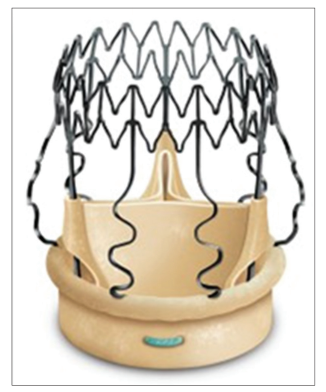
Fig. 1 Photograph shows the Sorin Perceval S.

Access to the aortic valve was achieved via median sternotomy in five patients. In two patients, a minimally invasive approach (via mini-sternotomy) was used. In all patients, the sutureless Perceval S aortic valve was implanted using three Prolene 4-0 guiding sutures. Positioning was then confirmed by inspection before removal of the guiding sutures. Subsequently, the basal annulus was dilated using the Perceval S large balloon inflated to 4 atm for 30 s. The mean cardiopulmonary bypass time and mean aortic cross-clamp time were 99.4 \pm 37.8 min and 84.1 \pm 42.3 min, respectively. The sizes of the Perceval
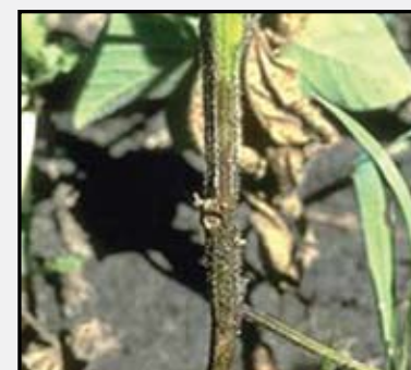
Phytophthora Root Rot
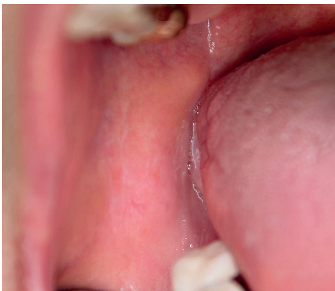
Fig. 6 Healthy buccal mucosa after treatment
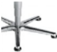
Polished aluminium 5 star base
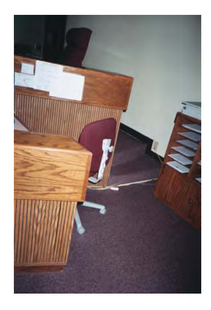
C. Courtroom C is used primarily for juvenile proceedings; consequently there is not need for a jury box. There are tables for lawyers and parties, and some limited access seating. There is a small step up to enter the witness chair, although this could be removed or the witness could sit in front of the witness stand if necessary.
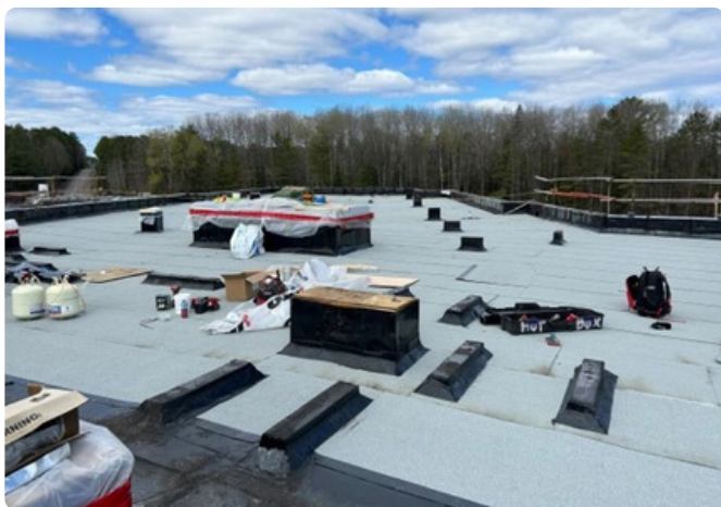
Roofing membrane has been installed and the granular base finish is at 90% completion.

As of June 2026, construction of the new long-term care home continues to advance steadily, with overall project completion now reaching approximately 65%. Interior work includes drywall installation, and mechanical and electrical room construction, which are 90% complete. Exterior work has also continued at a strong pace, including roofing, window systems, exterior glass installation, and weatherproofing components.
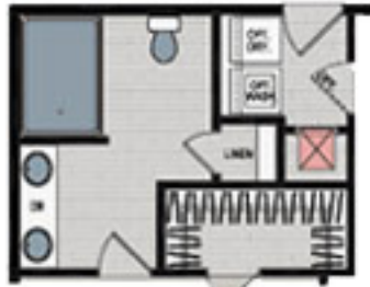
UTILITY/PRIMARY BATH 2. w/ FREE STANDING TUB
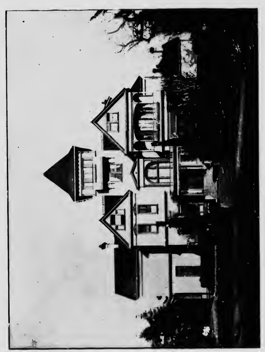
The Main Building
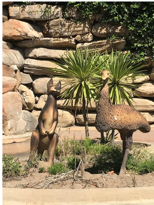
West End Brewery Garden showing examples of the figures in the garden
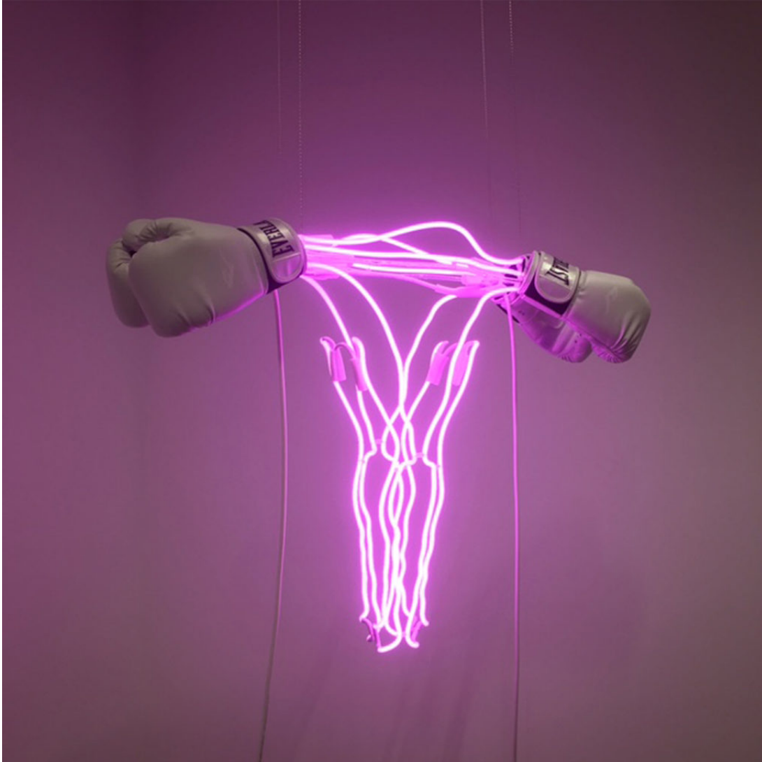
Champion , 2015, from the same series.
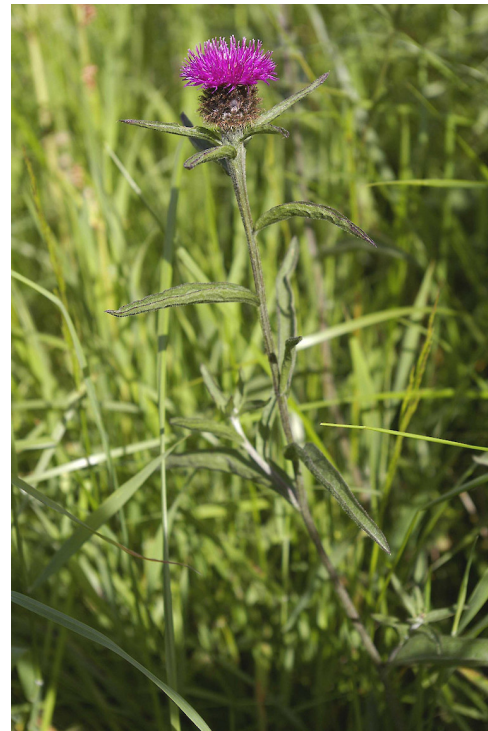
Centaurea nigra.
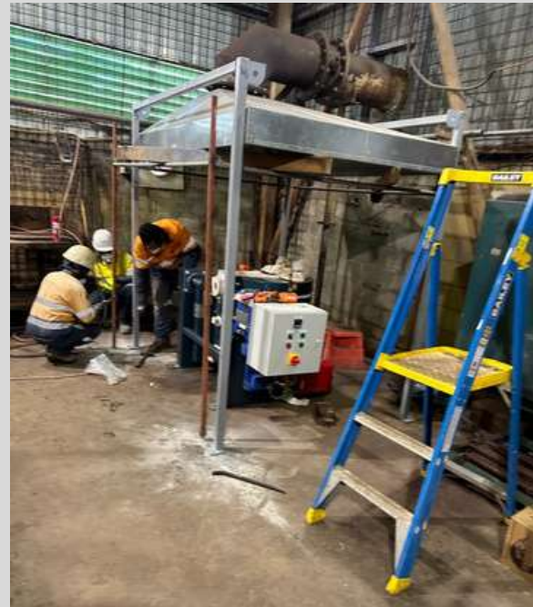
Gold furnace install Papua New Guinea
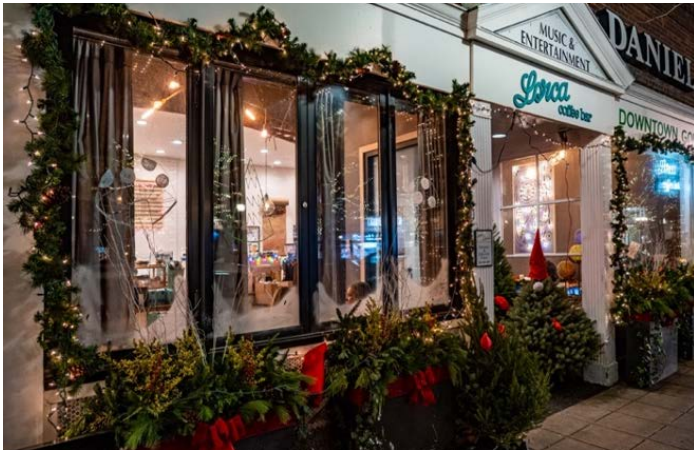
Best of Show – Lorca Coffee Bar at 125 Bedford Street
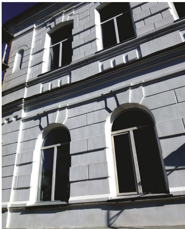
Figure 4. The building of the Kazakh Humanitarian Law Innovative University, after restoration (fragment).

When the building was reconstructed, tiles of various shapes were made and used on the basis of previous architectural elements in order to preserve the artistic and stylistic features of its facade.(Figure 6) In spite of the long period of use, the building has survived to this day in reasonably good condition [1,5].
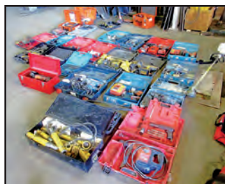
VIEW OF POWER TOOLS
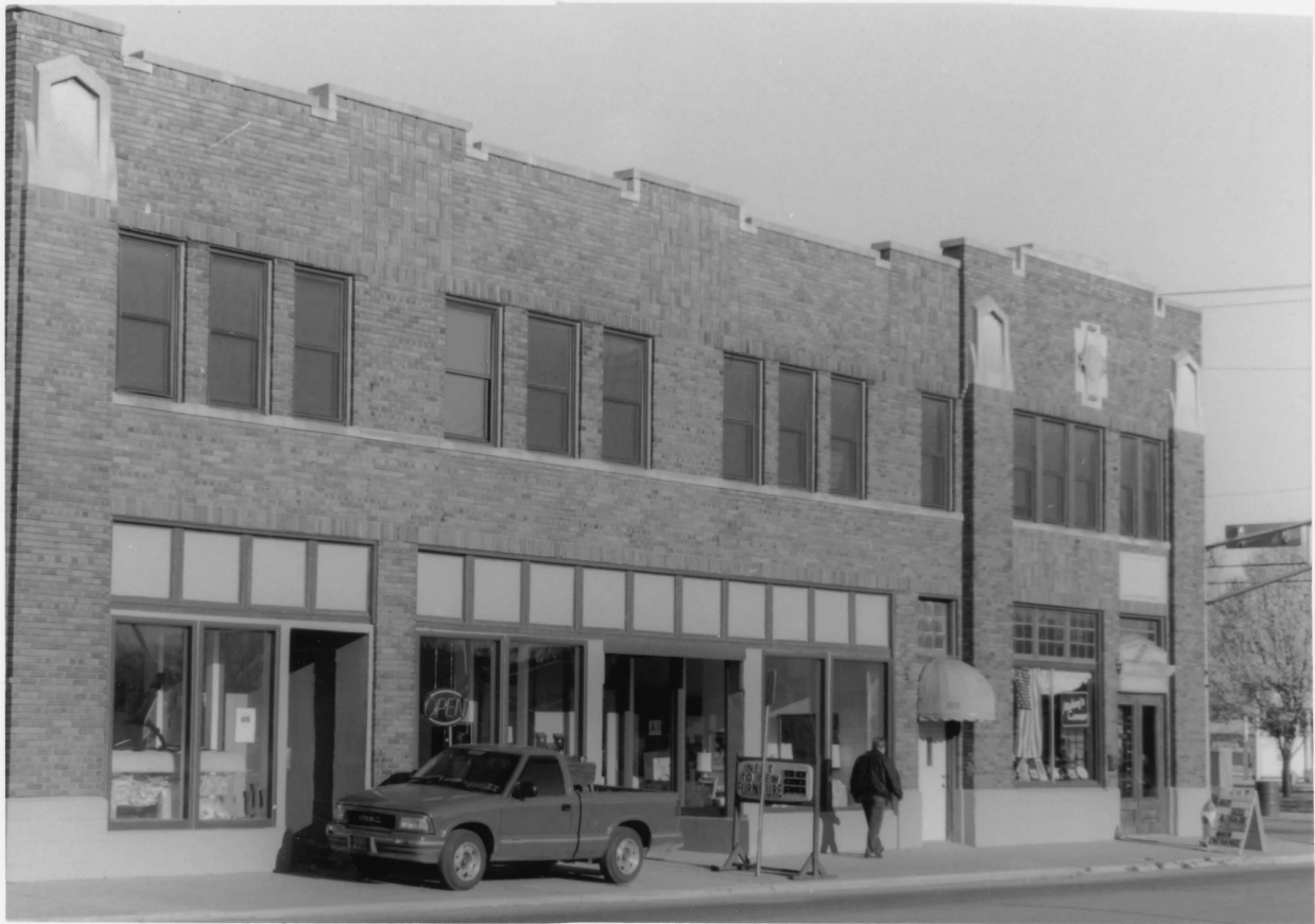
2070 13 TH ST., 12 PTS. H.D., VIGO CO., IN , PHOTO NO. 9

^^^^^^^^

◆ Task requirements
Drop the pictures, then repeat the material word for word.

◆ Task result
Fig. 1 Photograph shows the Sorin Perceval S.

Access to the aortic valve was achieved via median sternotomy in five patients. In two patients, a minimally invasive approach (via mini-sternotomy) was used. In all patients, the sutureless Perceval S aortic valve was implanted using three Prolene 4-0 guiding sutures. Positioning was then confirmed by inspection before removal of the guiding sutures. Subsequently, the basal annulus was dilated using the Perceval S large balloon inflated to 4 atm for 30 s. The mean cardiopulmonary bypass time and mean aortic cross-clamp time were 99.4 \pm 37.8 min and 84.1 \pm 42.3 min, respectively. The sizes of the Perceval
Phytophthora Root Rot
Fig. 6 Healthy buccal mucosa after treatment
Polished aluminium 5 star base
C. Courtroom C is used primarily for juvenile proceedings; consequently there is not need for a jury box. There are tables for lawyers and parties, and some limited access seating. There is a small step up to enter the witness chair, although this could be removed or the witness could sit in front of the witness stand if necessary.
Roofing membrane has been installed and the granular base finish is at 90% completion.

As of June 2026, construction of the new long-term care home continues to advance steadily, with overall project completion now reaching approximately 65%. Interior work includes drywall installation, and mechanical and electrical room construction, which are 90% complete. Exterior work has also continued at a strong pace, including roofing, window systems, exterior glass installation, and weatherproofing components.
UTILITY/PRIMARY BATH 2. w/ FREE STANDING TUB
The Main Building
West End Brewery Garden showing examples of the figures in the garden
Champion , 2015, from the same series.
Centaurea nigra.
Gold furnace install Papua New Guinea
Best of Show – Lorca Coffee Bar at 125 Bedford Street
Figure 4. The building of the Kazakh Humanitarian Law Innovative University, after restoration (fragment).

When the building was reconstructed, tiles of various shapes were made and used on the basis of previous architectural elements in order to preserve the artistic and stylistic features of its facade.(Figure 6) In spite of the long period of use, the building has survived to this day in reasonably good condition [1,5].
VIEW OF POWER TOOLS
2070 13 TH ST., 12 PTS. H.D., VIGO CO., IN , PHOTO NO. 9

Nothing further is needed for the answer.